# Rossman bees



## GRIMBEE (Apr 3, 2007)

Has anybody gotten bees from Rossman and what are your thoughts. They have good prices I think, How about Betterbee or Draper. Their close to me kind of.


----------



## PAOuchHoney (Nov 25, 2007)

*Rossman*

I ordered two packages last year from them. They kept me updated on status and were helpful. In fact the only issue that I had was beyond their control, my shipment was delayed two weeks due to the cold snap we had last April. They notified me right away that there would be a delay. Very few dead bees upon arrival, less than 100 total and they were shipped to me via the USPS, express mail I think. Just had to go to the post office to pick them up. The bees did well and were easy to work with as a new Beek. I've ordered 10 more packages from them for this year.


----------



## Ravenseye (Apr 2, 2006)

Ordered from them last year with no problems and would order again!


----------



## Ray Michaud (Dec 7, 2005)

Betterbee gets their bees from Wilbanks Apiaries in Claxton Ga.


----------



## Dale Hodges (Jul 13, 2007)

Just love his queens,bees,and service. You can't go wrong dealing with them.


----------



## cdraves (Nov 25, 2003)

we have purchased bees from rossmans now for a couple of years. they have been great to order from.


----------



## CLB (Jun 8, 2007)

I pick my bees up at Rossmans each spring, no problem.


----------



## Ruben (Feb 11, 2006)

If I had to play devils advicate when I first got into beekeeping I ordered two packages of bees and had the wings clipped on the queens because I was afraid my first investment in beekeeping would fly away if I did not have them clipped. I did a manual release of my queen when I installed the package because the queen had been with the package for 4 or 5 day. When I released one of my clipped wing queens she flew away. I called Rossman to let them know what happened and they acted like it was my fault because I released her. The good news is I got lucky, she came back! I did only talk to one person there who answered the phone so I would not be too hard on them based on what one person did.


----------



## Bizzybee (Jan 29, 2006)

A sympathetic ear to listen I guess may have been in order on their part. But what exactly would you expect of them if your queen hadn't returned?


----------



## GRIMBEE (Apr 3, 2007)

*Another question*

Has anyone ordered bees from Draperbees in Pennsylvania? They are closer to me. Less stress for shipping the bees.


----------



## TwT (Aug 5, 2004)

Drapers get thier bee's from B. Weaver in texas, they have a high price on bee's this year..


----------



## GRIMBEE (Apr 3, 2007)

Rossman is cheaper but olny Insures certain zones. I have to play tag with UPS here where I live. 
Draperbee is Pennsylvania's location to my hives(About to start) in Connecticut. And it looks like they have good insurance coverage.


----------



## buzzinjack (May 4, 2007)

I had good luck last year w/ Draper. They shipped USPS and the local post called when they came in. No problem. I also am looking to save money. Perhaps Rossman's will do fine.


----------



## pamlico (Apr 29, 2007)

I have ordered from Rossman and draper. I was very pleased with both.


----------



## GRIMBEE (Apr 3, 2007)

I just checked with Rossman's and they will olny ship to me UPS


----------



## jdpro5010 (Mar 22, 2007)

Although UPS is definitely more expensive I have had very good luck having them shipped that way to me. Including from Rossman's last summer. They were very nice. I would rather have them shipped to me by ups than having to rely on a Gov't entity.


----------



## GRIMBEE (Apr 3, 2007)

Draperbee is expensive. 30$ more than Rossman, and thats just shipping. Draper wants 75$ for 3# Italian plus mark and clip queen, shipped, 104$. 

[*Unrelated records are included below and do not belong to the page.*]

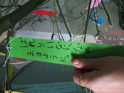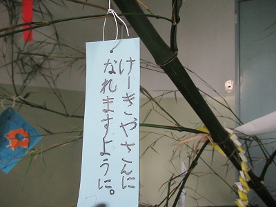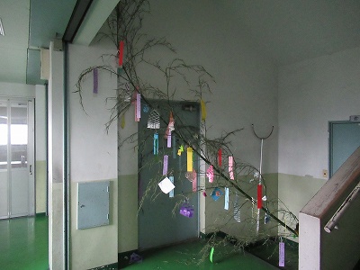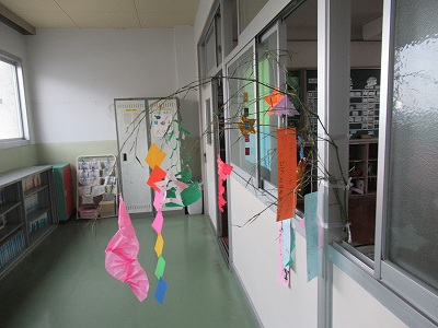 今日は、7月7日 七夕の日です。低学年の廊下には、願いを書いた短冊や飾りが結ばれた大きな笹が、あいにくの空模様を跳ね返すように立っています。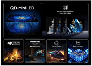 - QD-Mini-LED: Die einzigartige Hintergrundbeleuchtungstechnologie sorgt für ein visuelles Meisterwerk, das erstaunlich lebendige Bilder mit naturgetreuen Farben und einem ultrahohen Kontrastverhältnis bietet. Darüber hinaus bietet es eine höhere Spitzenhelligkeit, eine größere Farbskala, eine größere Bildschirmgröße und eine längere Lebensdauer an. Sie ist die fortschrittlichste Bildschirmtechnologie.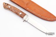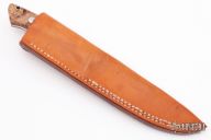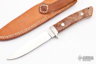 This Hunter by JB Moore features a mirror polished clip point blade with .170" blade stock and .925" blade depth, full tang construction. The handle has a nickel silver guard, burl scales with red liners/spacers, nickel silver pins and lanyard hole. Comes with a brown leather sheath. #1392on blade. Spotting is visible on the blade and guard otherwise the knife is in excellent condition.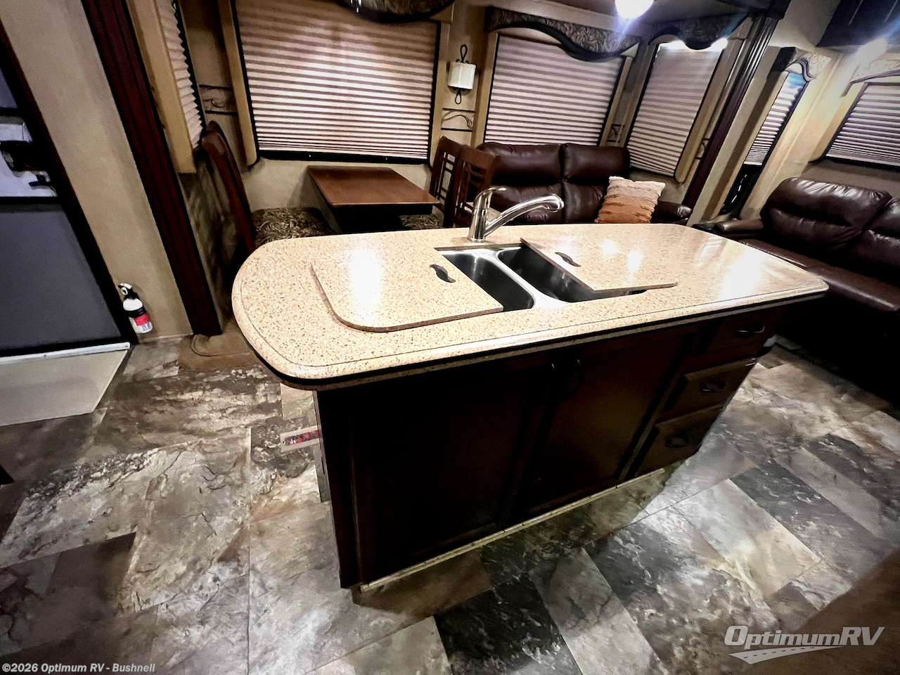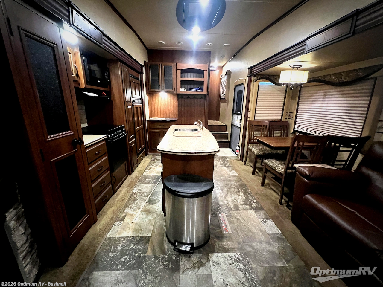 When you enter this fifth wheel, you will be in the kitchen and living areas. The kitchen has a double kitchen sink, three burner range, microwave, pantry, and refrigerator. There is much counter space with the l-shaped counter. In the living area you will find two slides, the first slide has two lounge chairs and an end table, the other slide offers a free-standing table and a hide-a-bed sofa with an ottoman. The rear wall has an entertainment center with TV lift.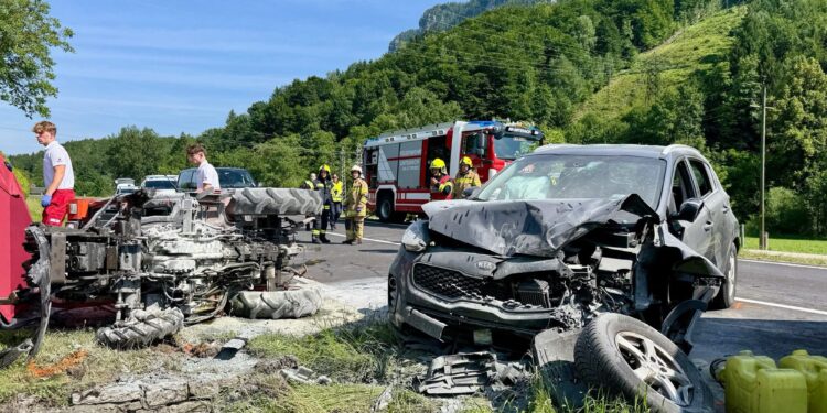 Mittwochnachmittag ereignete sich auf der B151 Attersee Straße zwischen Au-See und Unterach ein schwerer Verkehrsunfall. Ein PKW kollidierte frontal mit einem Traktor mit Anhänger. Der Traktorlenker wurde aus dem Fahrzeug herausgeschleudert.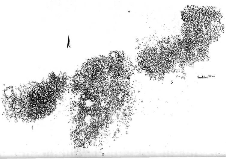 Рис. 3 План наземных сооружений «дружинного захоронения» могильника Аймырлыг 2: 1 — первая микрогруппа; 2 — вторая микрогруппа; 3 — третья микрогруппа.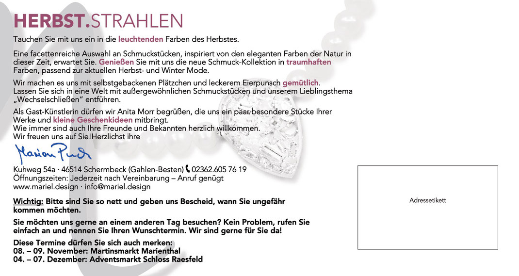 Genießen Sie mit uns, bei einem heißen Eierpunsch, unsere neue Kollektion und lassen Sie sich entführen in die Welt der Edelsteine und Perlen.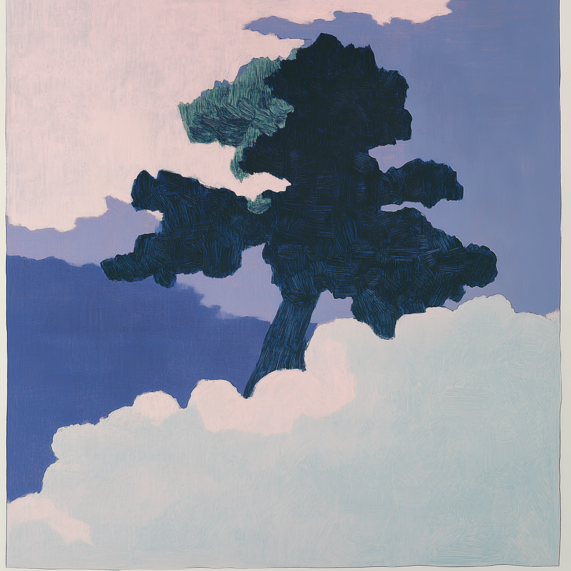 This illustration features a fantastical scene set amidst a vast expanse of clouds, enveloped by a dense and heavy mist. The minimalist style enhances the ethereal quality of the landscape, creating a serene and dreamlike atmosphere.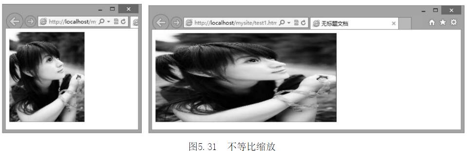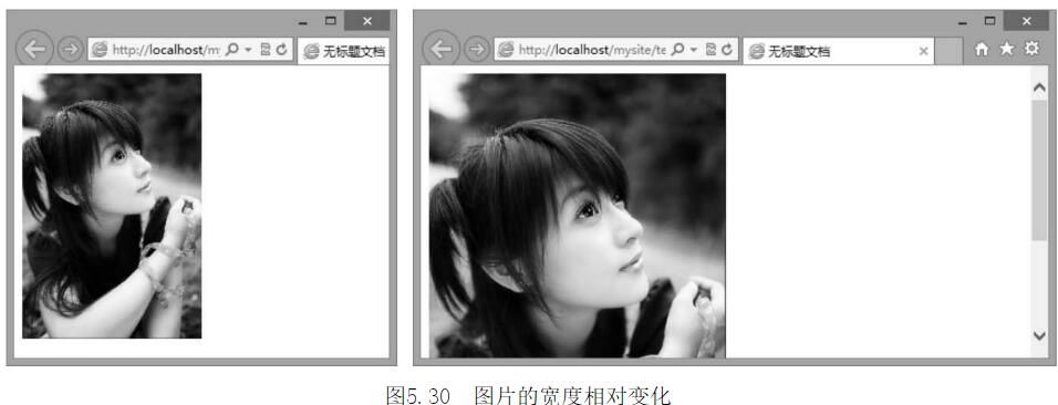 圖片的寬度相對變化這里需要指出的是,在此例中僅僅設(shè)置了圖片的width屬性,而沒有設(shè)置height屬性,但是圖片的大小會等縱橫比例縮放,如果只設(shè)定了height屬性而沒有設(shè)置width屬性道理也是一樣的。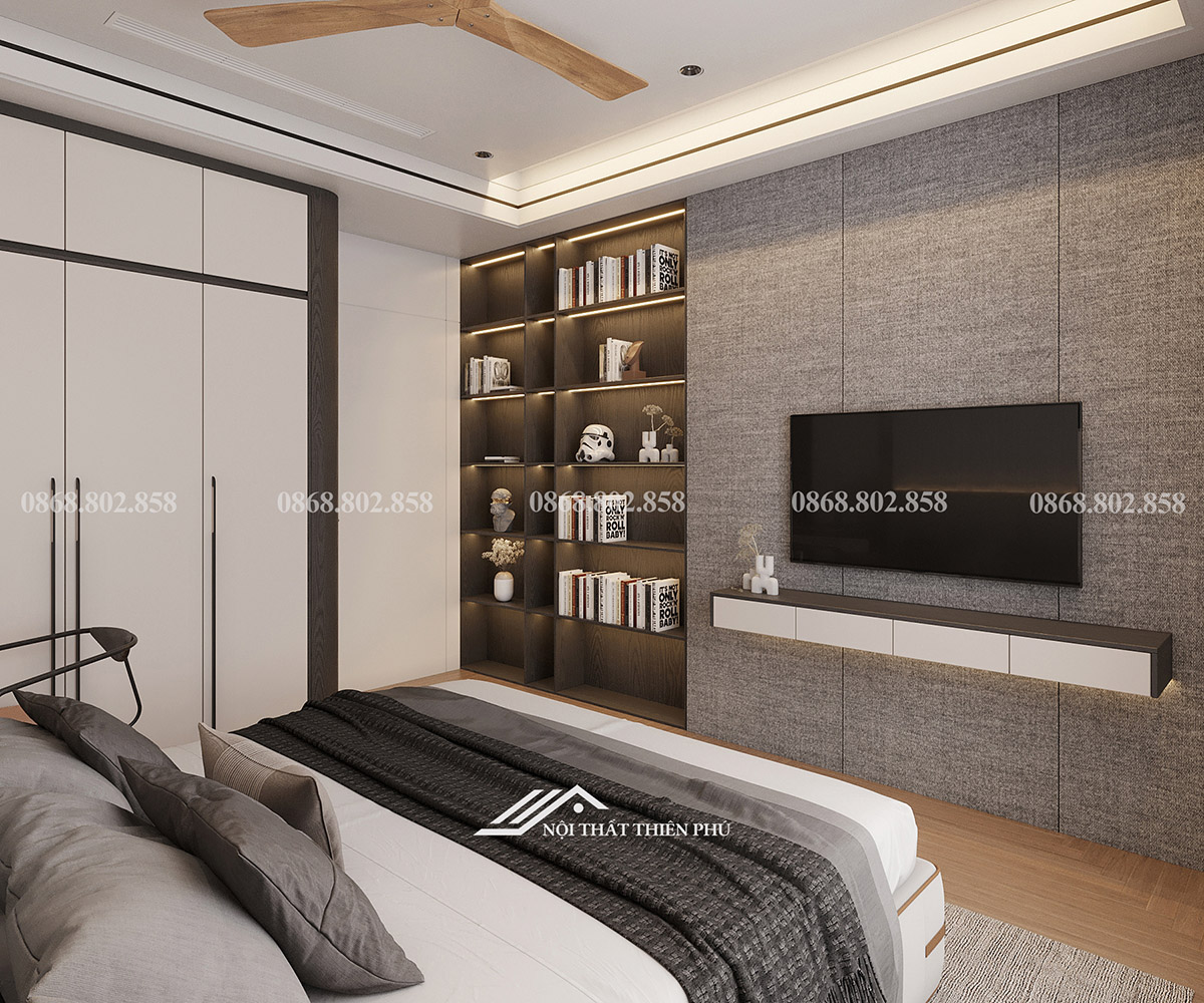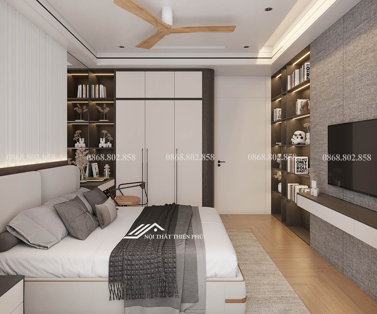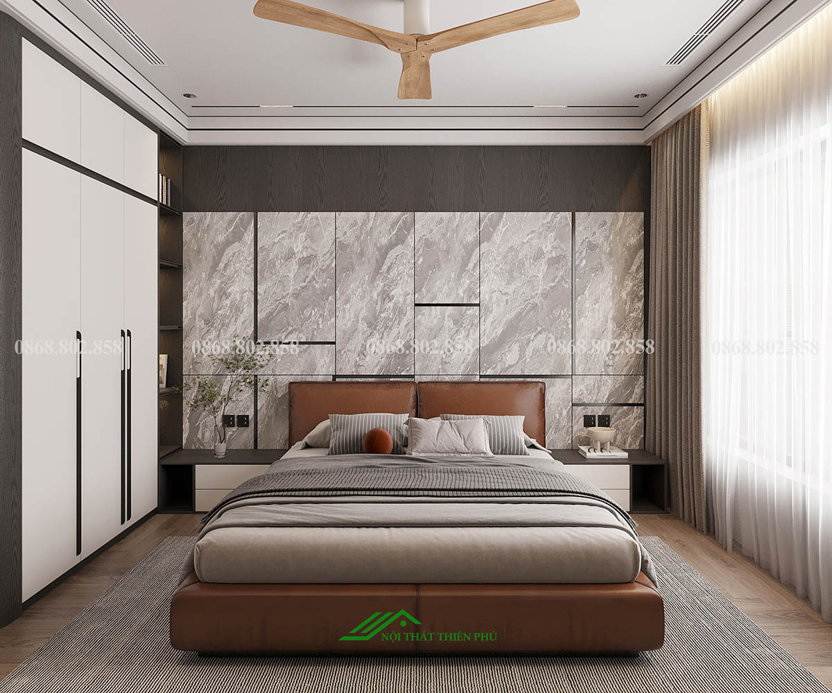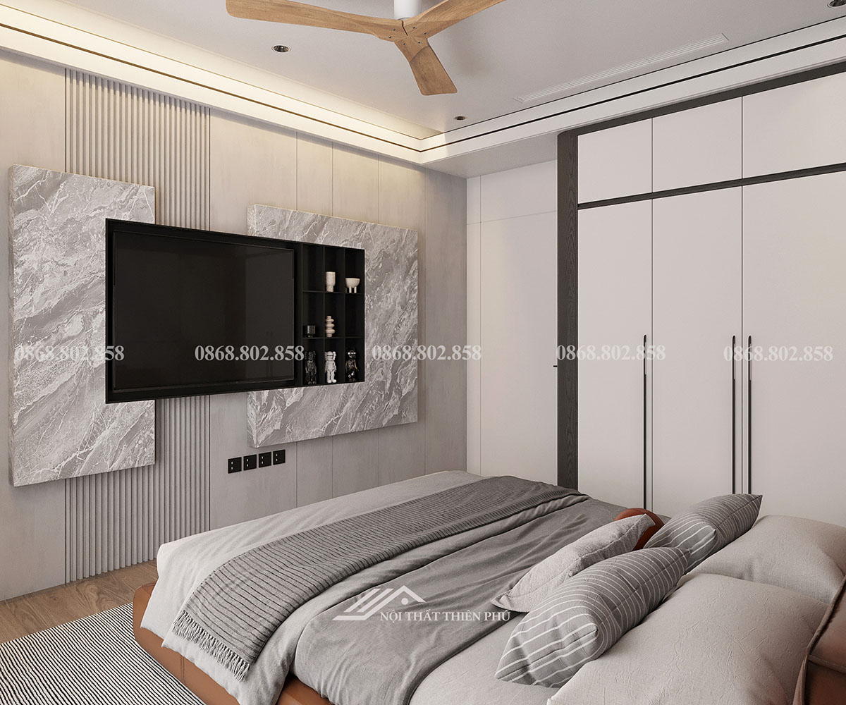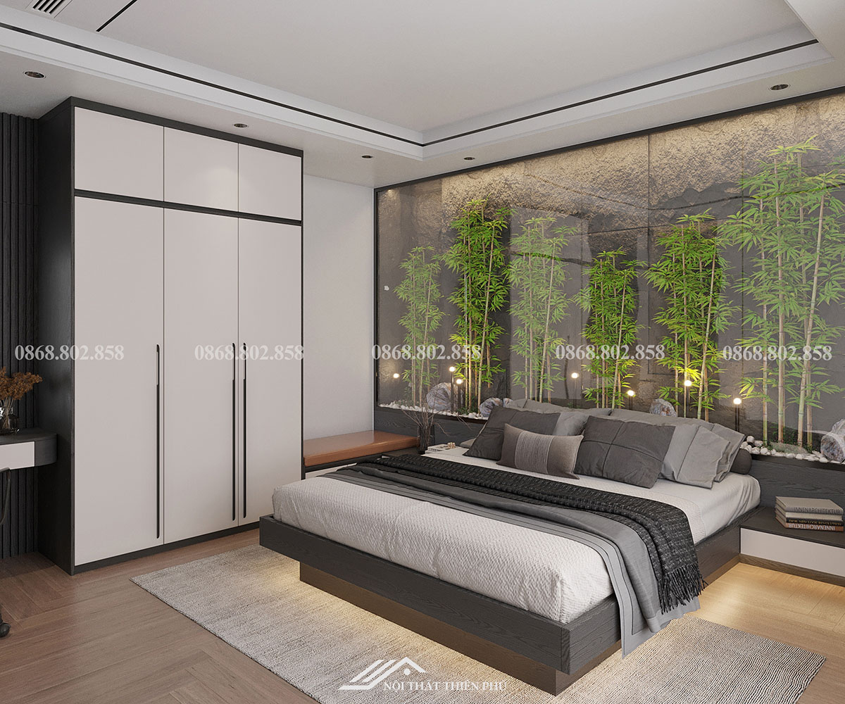 Tổng thể, không gian nội thất phòng ngủ của căn hộ dự án The Matrix One được thiết kế nhằm mang đến sự hài hòa giữa tính thẩm mỹ và công năng sử dụng, tạo nên một nơi nghỉ ngơi lý tưởng, hiện đại và sang trọng. Toàn bộ không gian nội thất của phòng ngủ dự án được thực hiện bởi nội thất Thiên Phú. Quý khách hàng có thể liên hệ trực tiếp với chúng tôi để được tư vấn và hướng dẫn tốt nhất.

Rossman 60$ 3# Italian mark and clip $2.50, and $10 to ship. $72.50

I might just order a package from each for the hell of it and start 2 hives 

I just checked again, no insurance on shipping UPS from rossman, I already got my hive not just a few weeks back and it got stuck on the UPS truck for days. I'm afraid they will kill my bees. I don't like UPS.


----------



## [email protected] (Aug 1, 2004)

*package bees*

if it is of interest, again this year we will offer three pound packages from Wilbanks. Pickup only at our honey house in Albany NY. April 21. $67. These will be picked up in Georgia on April 20 and driven non-stop to Albany.

We primarily do this for our own needs, but pick up some extra to sell to help defray the cost of gas. One just cannot get 'fresher' bees than this! Usually no more than 15-20 dead at bottom of box.

Lloyd


----------



## Ruben (Feb 11, 2006)

Bizzybee >A sympathetic ear to listen I guess may have been in order on their part. But what exactly would you expect of them if your queen hadn't returned?

Well I am an auto technician, and if you pay me to change your engine oil & filter and then later that day your oil drain plug drops out and your $6000 engine locks up because I did not tighten the plug would you want more than a sympathetic ear? I was sold a queen that I paid extra money to make her where she could not fly, so to answer your question if she did not come back I think another queen from them would have been nice.

Now that I have experience I would never clip a queen but back then I had no experience in beekeeping.


----------



## Bizzybee (Jan 29, 2006)

Sorry Ruben, my bad. Somehow I managed to miss the clipped part. You're absolutely right!


----------